Records for the task:
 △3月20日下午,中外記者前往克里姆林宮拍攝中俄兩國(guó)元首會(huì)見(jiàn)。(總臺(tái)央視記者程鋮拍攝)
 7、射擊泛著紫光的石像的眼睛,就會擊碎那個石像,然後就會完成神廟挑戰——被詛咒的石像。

...

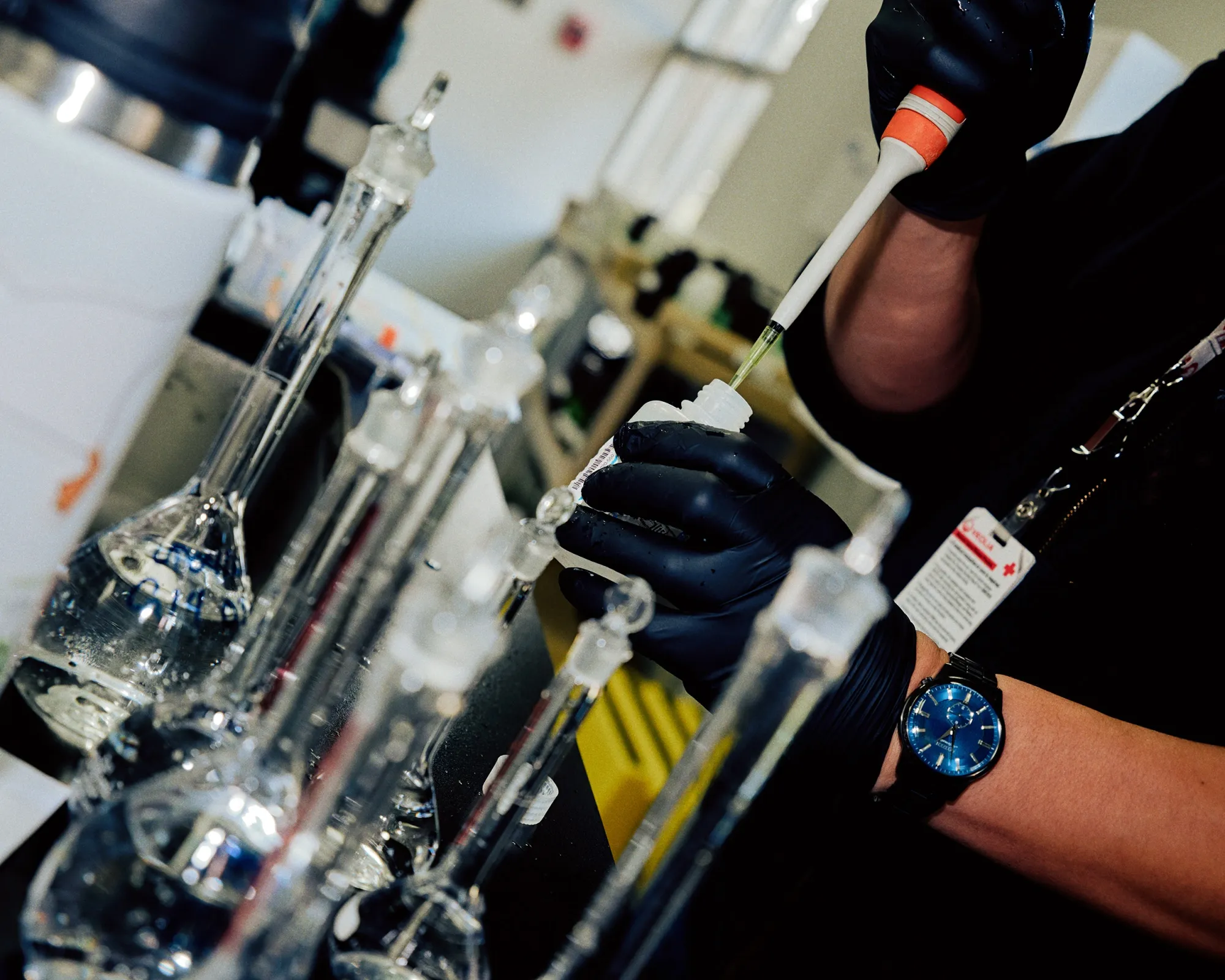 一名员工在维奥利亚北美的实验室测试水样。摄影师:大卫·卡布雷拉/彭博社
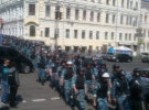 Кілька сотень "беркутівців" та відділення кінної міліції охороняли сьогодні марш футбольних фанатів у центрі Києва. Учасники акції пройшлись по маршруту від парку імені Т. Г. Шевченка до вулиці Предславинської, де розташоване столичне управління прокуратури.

Task prompt:
Using the records above, repeat exactly the run of lines that starts with the line with "一名员工在维奥利亚北美的实验室测试水样。摄影师:大卫·卡布雷拉/彭博社" and goes on through the line with "столичне управління прокуратури."; omit each picture.

Exercise output:
 一名员工在维奥利亚北美的实验室测试水样。摄影师:大卫·卡布雷拉/彭博社
 Кілька сотень "беркутівців" та відділення кінної міліції охороняли сьогодні марш футбольних фанатів у центрі Києва. Учасники акції пройшлись по маршруту від парку імені Т. Г. Шевченка до вулиці Предславинської, де розташоване столичне управління прокуратури.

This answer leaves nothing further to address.